The words were scarcely out of Isa Dás's lips, when he heard a sudden wild tumult below, and the sound of feet first rushing through the mill-room, then up the steep stairs, with the noise of loud weeping and wailing. There was no means, even had there been time, to fasten the door, and not even the doctor could keep out the mother, two aunts, and five children, who now burst into the room.

Natthu startled suddenly from something like sleep, sprang up into a sitting posture; wildly waving his arms, and rolling his eyes, he screamed out in terror, "Here they are again!" And then fell backwards in a fit, from which he never recovered.

Before midnight, laments for the dying gave place to wild wailing over the dead. The women, in their unreasoning fear and grief, had actually put out the spark of life which the doctor had been so anxiously trying to cherish!

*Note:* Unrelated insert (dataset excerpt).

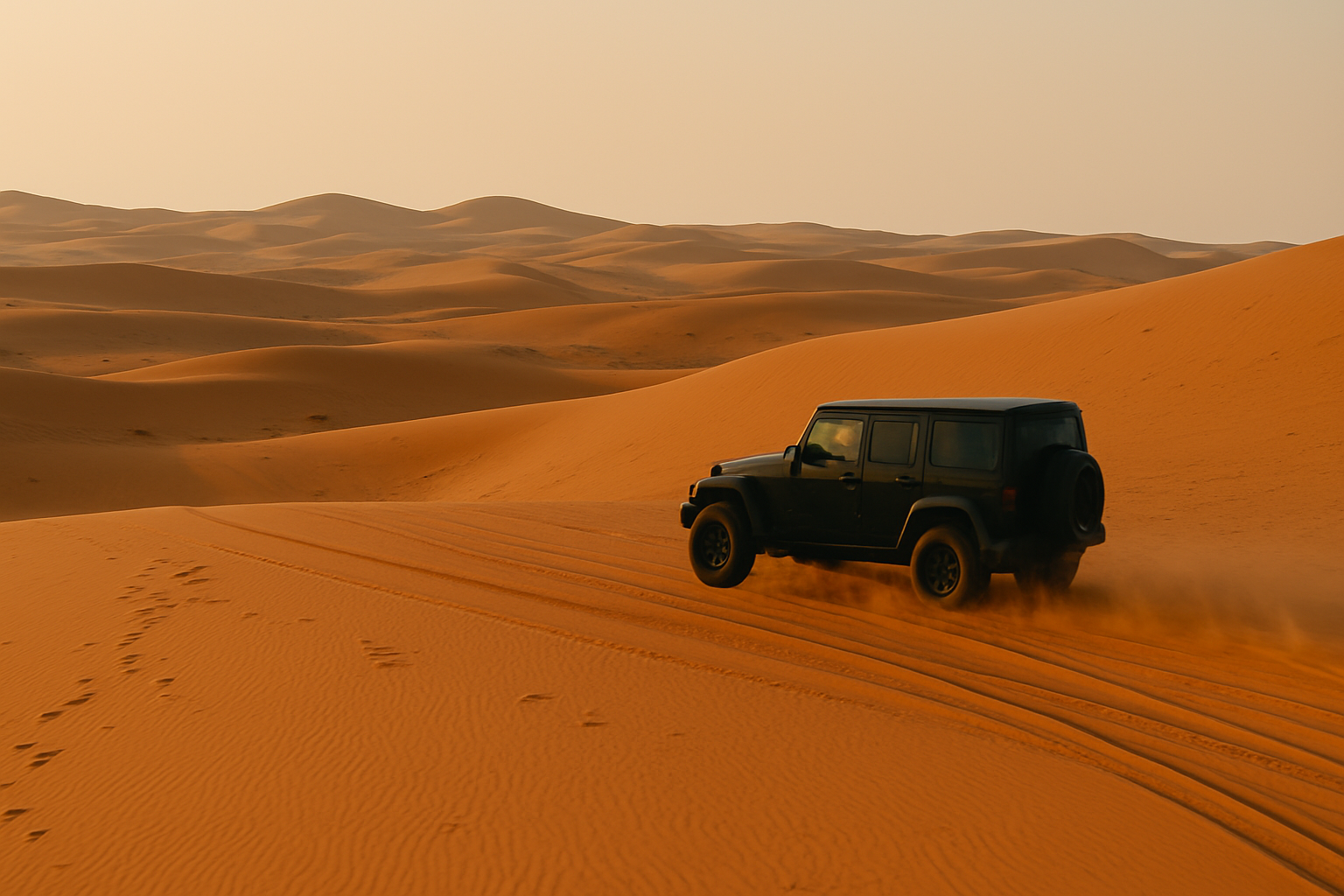 Popular choices in the UAE include the Toyota Land Cruiser, Nissan Patrol, Jeep Wrangler, and Ford Raptor — all proven off-road performers.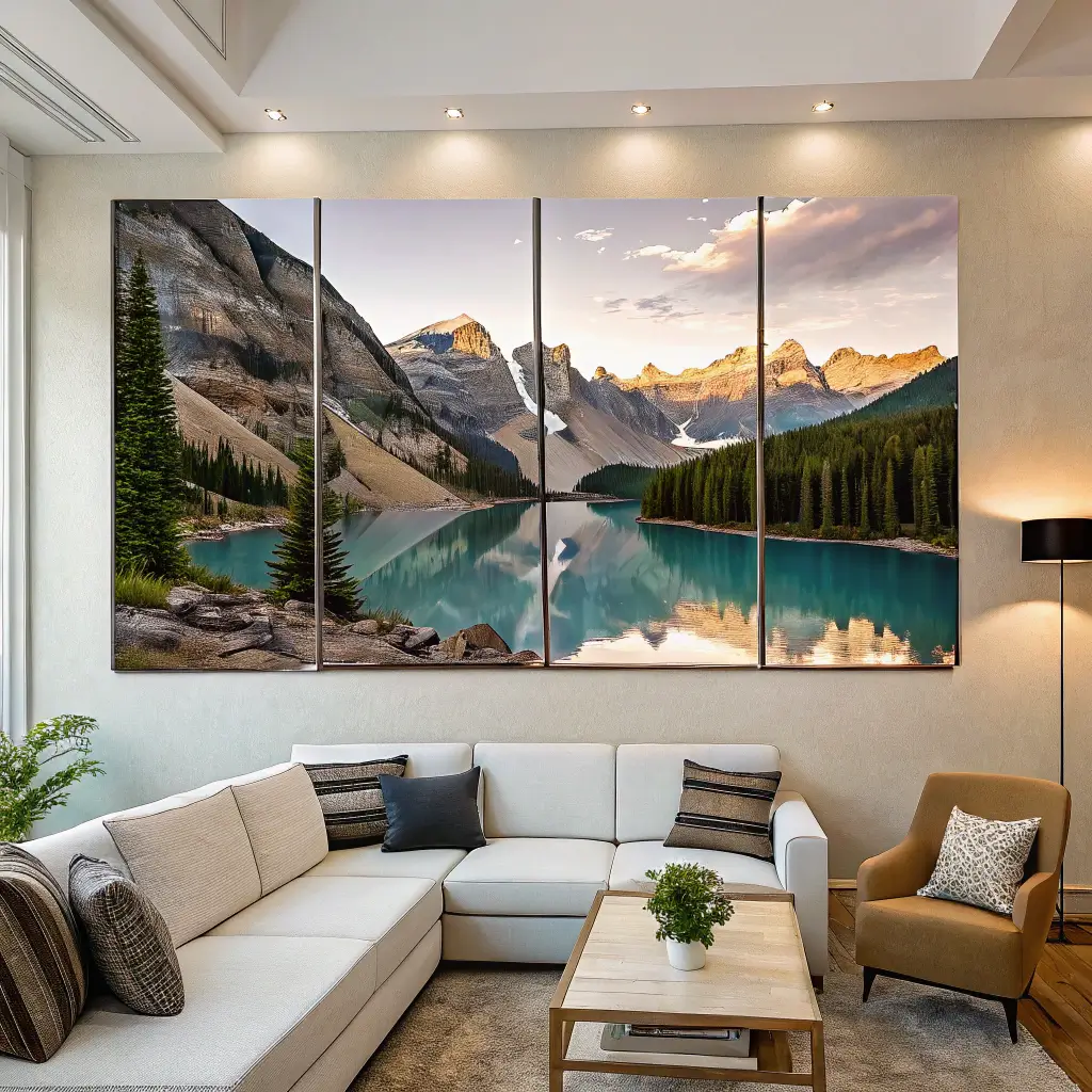 I’m particularly obsessed with landscape photography spread across multiple panels. There’s something about a sunset or mountain range broken into segments that feels both artistic and natural. The panels don’t even need to touch – leaving space between them adds modern flair and makes the overall piece feel larger.

Isa Dás left that house at midnight with a very heavy heart, remembering how he had vainly tried to sow the seed of Truth in the poor oilman's worldly heart. He thought, too, how many a life in Hindustan is every year lost from the folly of those who should tend the sick.

"But how can I wonder," he said to himself, "that in things regarding the body the same mistakes are made as in things regarding the soul! Superstitions crowd like the flies on the eyes of that poor child, which no one takes the trouble to drive away, though they carry disease and perhaps blindness. As cleanliness, air, and quiet are to the sick frame, so are purity, truth, and peace to the sick soul. Oh! When will these blessings be widely known and prized in my poor benighted country?"

[CHAPTER V.]

DYING FOR A FRIEND.

ISA DÁS had not always the bitter trial of seeing those for whom he had laboured and prayed living without God, and dying without hope. The work of an evangelist is specially a work of faith, and those who sow are not always permitted in this world to reap. Their harvest-joy is reserved for the blessed day when they who sow and they who reap shall rejoice together. Yet even in the hard field in which the convert's lot was cast, he was not without occasional tokens that his labour was not in vain in the Lord.

One of those in whom Isa Dás took the deepest interest was a kahar of the name of Gopal, who was slowly dying of an inward disease. The doctor knew that he could not cure the poor man, but he could sometimes relieve his pain; and attending him gave to the Christian opportunities of dropping in words that might be as seeds of light to a Hindu dying in darkness. The tall form of Isa Dás, wrapt in his old worn blanket, was therefore often seen in the cottage of Gopal.